= John Stevens (baseball umpire) =

American baseball umpire (1912-1981)

John William Stevens (May 14, 1912 – September 9, 1981) was an American umpire in Major League Baseball who worked in the American League from 1948 to 1971. He umpired in four World Series and five All-Star Games. Stevens also refereed college basketball.

==Biography==
Born in Duquesne, Pennsylvania, he officiated in the World Series in 1951 (outfield only), 1954, 1960 and 1967, serving as crew chief in 1967, and in the All-Star Game in 1950, 1953, 1957, 1960 (both games) and 1965, working behind the plate in 1965 and for the second half of the 1957 game; he also worked behind the plate for Game 1 of the 1970 American League Championship Series during a labor strike, after having begun working primarily as an assistant league supervisor and substitute umpire in 1968.
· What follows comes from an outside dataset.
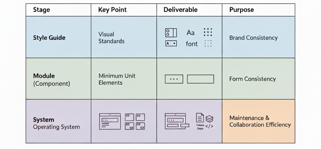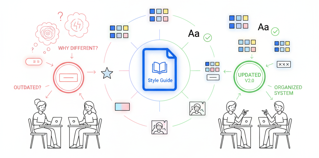 UX/UI 실무에서 가장 자주 들리는 질문이 있습니다. “스타일가이드랑 디자인시스템은 뭐가 다른가요?” 둘 다 ‘디자인 기준을 정리하는 문서’처럼 들리지만, 사실 이 둘의 관계는 정리 vs 운영의 차이에 가깝습니다. 스타일가이드는 기준서, 디자인시스템은 운영체계입니다.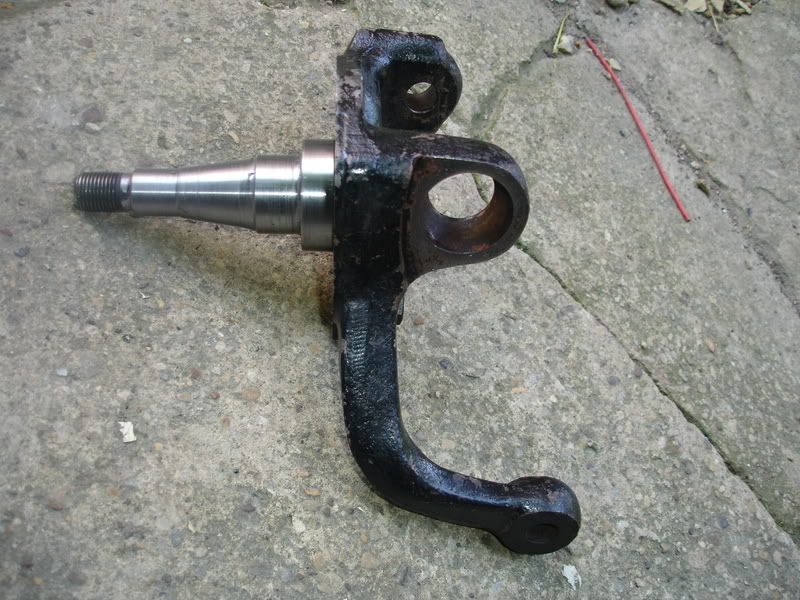 I spent some time at the weekend measuring my disc stubs to see if i can use them .I have figures out that i need to drill the two M10s for the bracket 8mm in front of the back plate mounting holes which have the same pitch of 56mm .What i did find strange is that the mounting point measured from the rear bearing shoulder to the caliper mount is the same .This means that i need to gain the 10mm for the bracket.I can gain the 3mm from deepening the hub and the rest from machining the stub axle as you did the drum one .This leaves 10mm of tapped hole for the bracket and makes the caliper sit as the original spec.Of course i then have to cut the original vw mount back.Incidently i have build up up my stubs with weld and machined to use the porka bearing .I may regret this as it seems to use an imperial race 3/4 and 1"1/4. |

Stevens was behind the plate on August 20, when Bob Keegan of the Chicago White Sox pitched a 6–0 no-hitter against the Washington Senators, missing a perfect game only due to walks in the fifth and sixth innings. Stevens was again behind the plate on April 30, when Steve Barber and Stu Miller of the Baltimore Orioles combined on a no-hitter against the Detroit Tigers, only to lose 2–1 after issuing ten walks and hitting two batsmen. Detroit won with two runs in the ninth inning, tying the game on a Barber wild pitch after he had issued two walks, and then bringing in the lead run on an infield error by normally sure-handed second baseman Mark Belanger, who dropped a perfect throw from shortstop Luis Aparicio. It was the first time in Major League Baseball history multiple pitchers combined on a nine-inning no-hitter only to lose.

Stevens was also working the plate on September 10, 1967, when Joel Horlen threw his no-hitter for the Chicago White Sox against the visiting Detroit Tigers at Comiskey Park before a crowd of 23,625.

Stevens also worked as a basketball referee, officiating in the NIT and NCAA tournaments. He was the godfather of National Basketball Association referee Steve Javie. Stevens died at age 69 in Philadelphia.